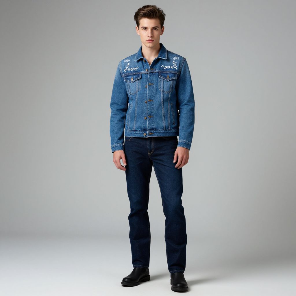 Photograph of a handsome, young Caucasian man with short, styled brown hair, standing against a plain gray background. He's wearing a blue denim jacket with white embroidery on the chest and shoulders, paired with dark blue jeans and black boots. The jacket has a slightly fitted cut and buttoned pockets, while his jeans are straight-legged. He looks confidently at the camera with a neutral expression.
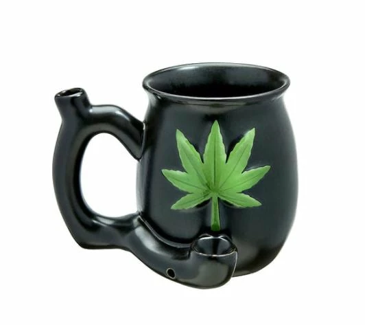 Attached to the front of the mug is a pipe where you can pack your bowl and light it. The smoke filters up the hollow handle to the mouthpiece on the top, allowing you to enjoy a smoke with your steaming coffee. It is microwave and dishwasher safe and comes packaged in a gift box. This product is recommended for adult use only.
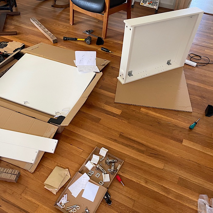 Around 2:30 PM, I decided to start putting together the new medicine cabinet. Bruce had me look at the instructions (It was a picture book, since there was no text.) while he got the tools the instructions showed pictured.
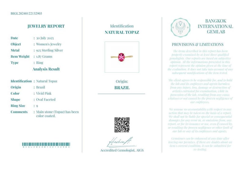 NATURAL TOPAZ RING ON 925 SILVER - WITH CERTIFICATE Gemstone : Natural TopazCertificate Number : Bigl20240122132903Item Total Weight : 1.87 GramsMain Stone Color : Vivid PinkSize : 9Comments : Main Stone (Topaz) Has Been Color Coated. ✻ Verify Report Online At Www.Bangkokinternationalgemlab.Co 0+29
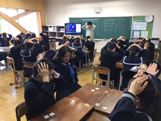 英語の授業でゲーム形式で英語に親しんでいます。 みんな楽しそうに,活動していました。
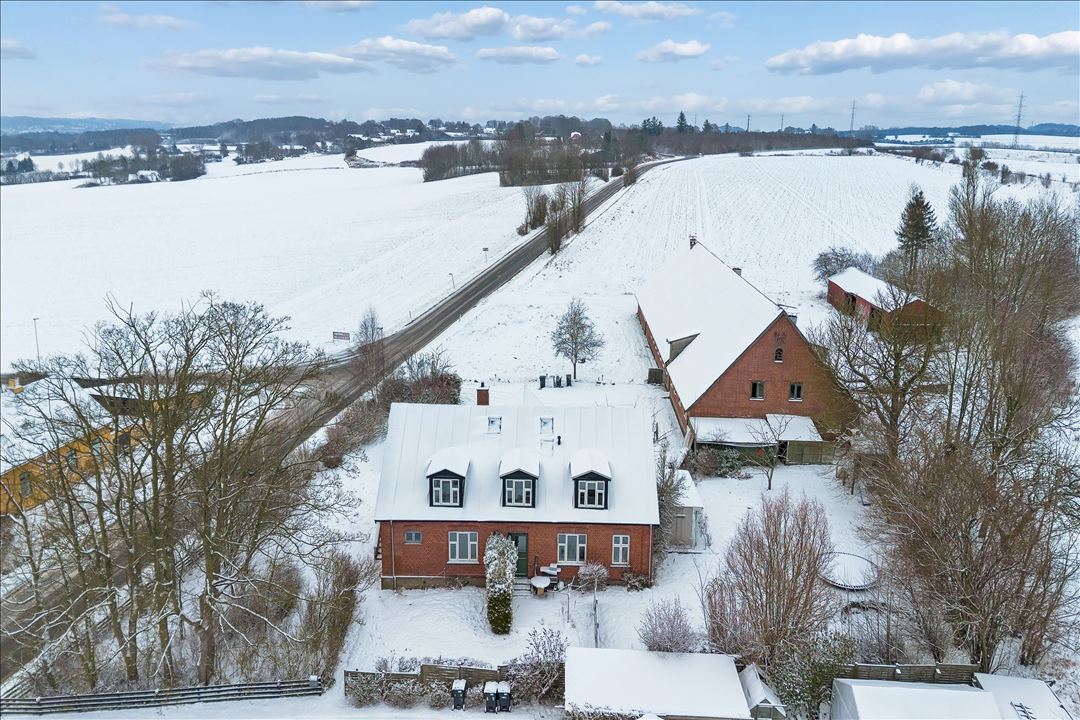 Her udbydes et bynært landsted med mange anvendelsesmuligheder. Ejendommen består bl.a. af et stort og delvist renoveret murermesterhus opført i røde tegl, pt. indrettet som to rummelige og veldisponerede lejligheder, en stor tiloversbleven tidligere landbrugsbygning på hele 671 m² samt et samlet grundareal på knap 5,4 ha. Heraf indgår en separat parcelhusgrund på 656 m² med mulighed for yderligere bebyggelse og/eller frasalg.
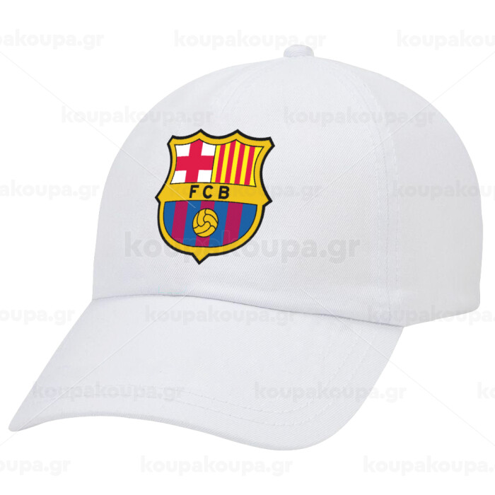 Barcelona FC, Καπέλο Ενηλίκων Baseball Λευκό 5-φύλλο (POLYESTER, ΕΝΗΛΙΚΩΝ, UNISEX, ONE SIZE)
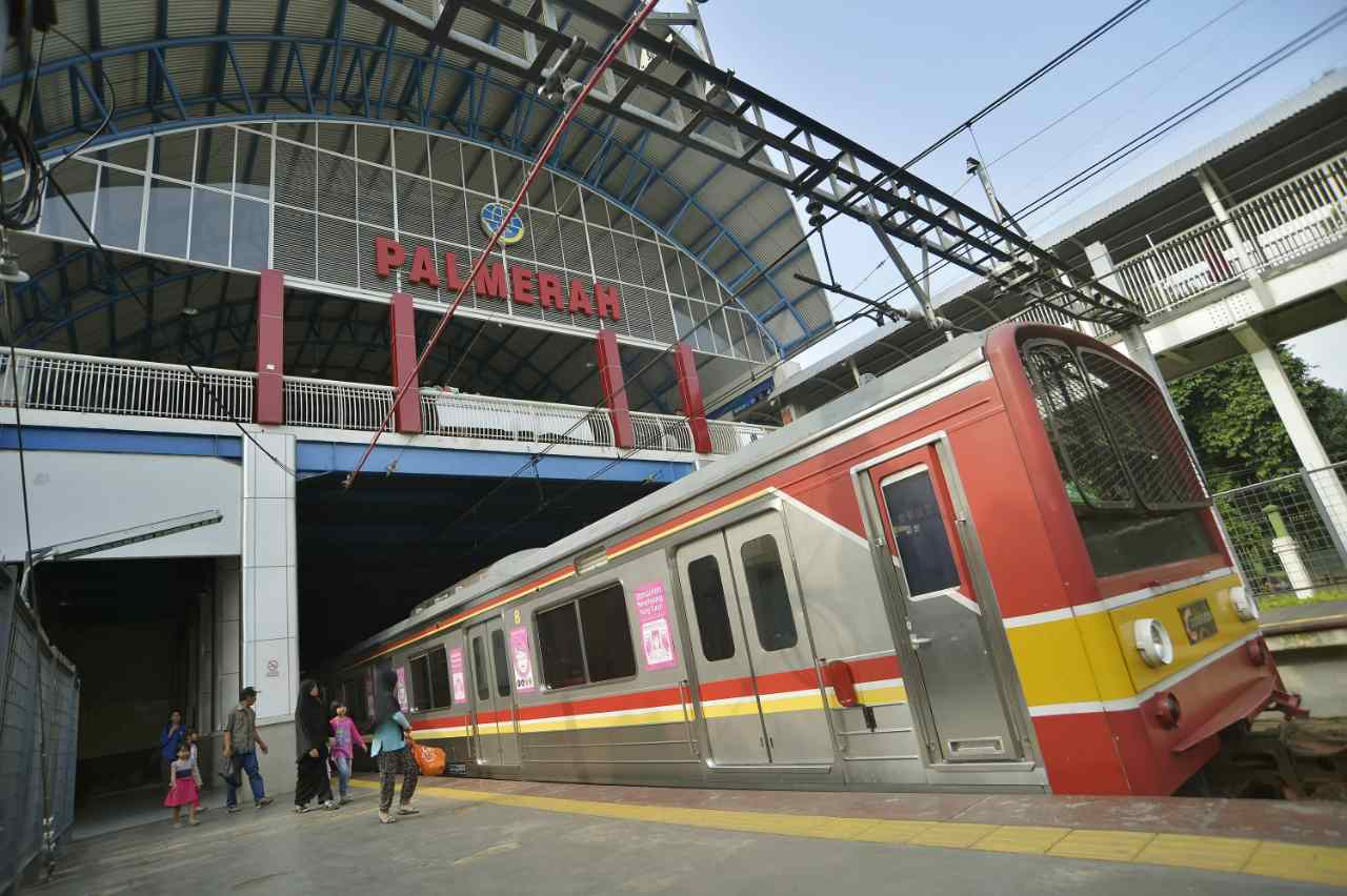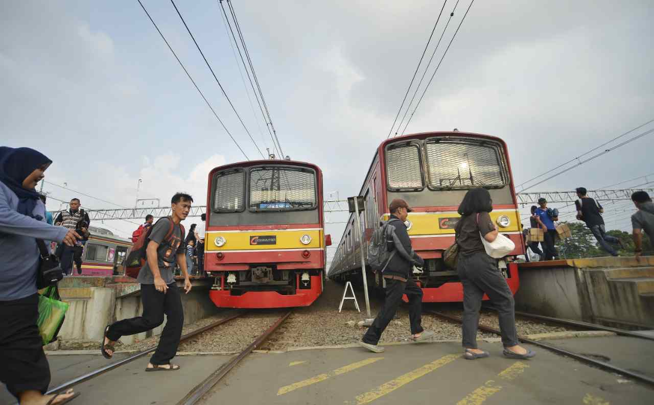 Penumpang melintas di depan rangkaian Kereta Rel Listrik (KRL) Commuterline di Stasiun Palmerah, Jakarta, Selasa (5/7). KRL Commuter Line tetap beroperasi dengan jadwal seperti biasa pada masa libur Lebaran tahun 2016, PT KAI Commuter Jabodetabek (KCJ) sebagai operator KRL Commuter Line tidak akan mengurangi jumlah perjalanan KRL, hal itu merupakan bentuk pelayanan KCJ bagi masyarakat yang ingin mudik maupun berlibur di sekitar wilayah Jabodetabek pada masa lebaran tahun ini. ANTARA FOTO/Yudhi Mahatma/aww/16.
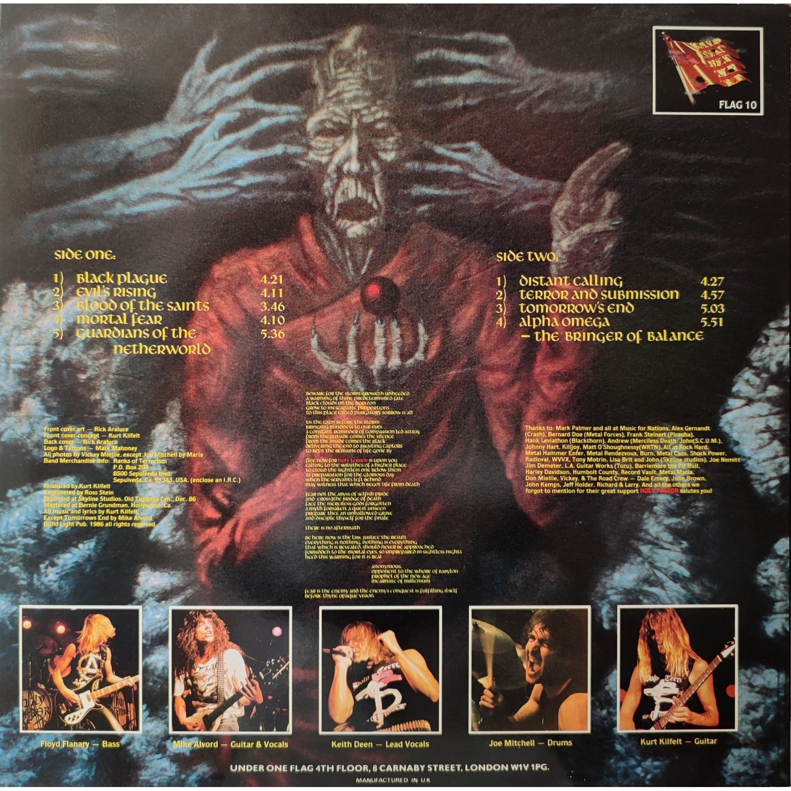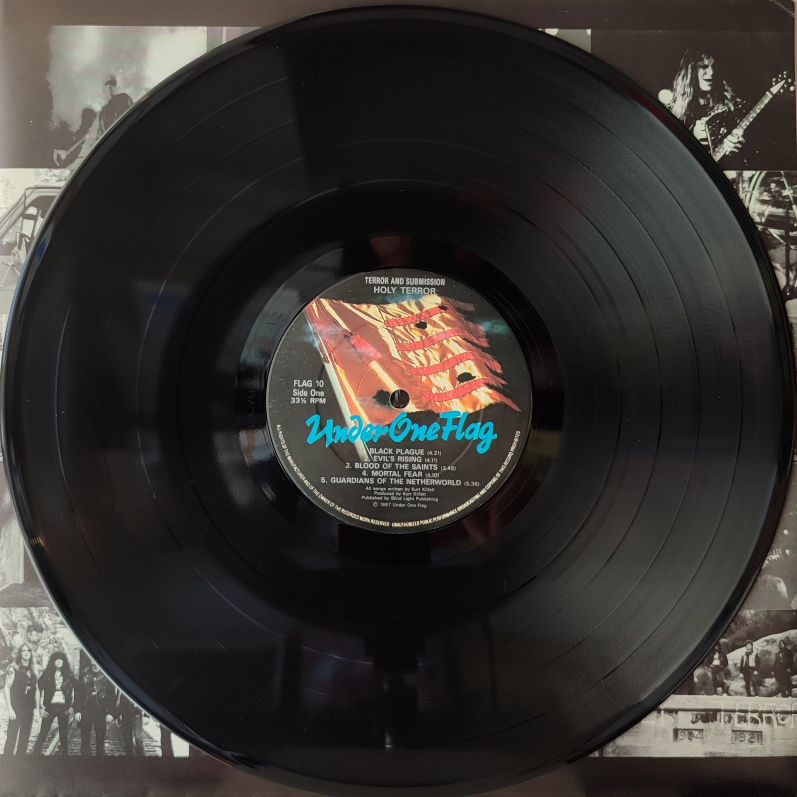 Rara prima edizione inglese, in vinile di seconda mano, del primo album in studio del gruppo heavy metal statunitense Holy Terror,"Terror and submission".

__What is needed__
Would you copy the lines above exactly, starting with the one that has "Attached to the" and ending with the one that has "Barcelona FC, Καπέλο", both included, without the pictures?

__Exercise response__
 Attached to the front of the mug is a pipe where you can pack your bowl and light it. The smoke filters up the hollow handle to the mouthpiece on the top, allowing you to enjoy a smoke with your steaming coffee. It is microwave and dishwasher safe and comes packaged in a gift box. This product is recommended for adult use only.
 Around 2:30 PM, I decided to start putting together the new medicine cabinet. Bruce had me look at the instructions (It was a picture book, since there was no text.) while he got the tools the instructions showed pictured.
 NATURAL TOPAZ RING ON 925 SILVER - WITH CERTIFICATE Gemstone : Natural TopazCertificate Number : Bigl20240122132903Item Total Weight : 1.87 GramsMain Stone Color : Vivid PinkSize : 9Comments : Main Stone (Topaz) Has Been Color Coated. ✻ Verify Report Online At Www.Bangkokinternationalgemlab.Co 0+29
 英語の授業でゲーム形式で英語に親しんでいます。 みんな楽しそうに,活動していました。
 Her udbydes et bynært landsted med mange anvendelsesmuligheder. Ejendommen består bl.a. af et stort og delvist renoveret murermesterhus opført i røde tegl, pt. indrettet som to rummelige og veldisponerede lejligheder, en stor tiloversbleven tidligere landbrugsbygning på hele 671 m² samt et samlet grundareal på knap 5,4 ha. Heraf indgår en separat parcelhusgrund på 656 m² med mulighed for yderligere bebyggelse og/eller frasalg.
 Barcelona FC, Καπέλο Ενηλίκων Baseball Λευκό 5-φύλλο (POLYESTER, ΕΝΗΛΙΚΩΝ, UNISEX, ONE SIZE)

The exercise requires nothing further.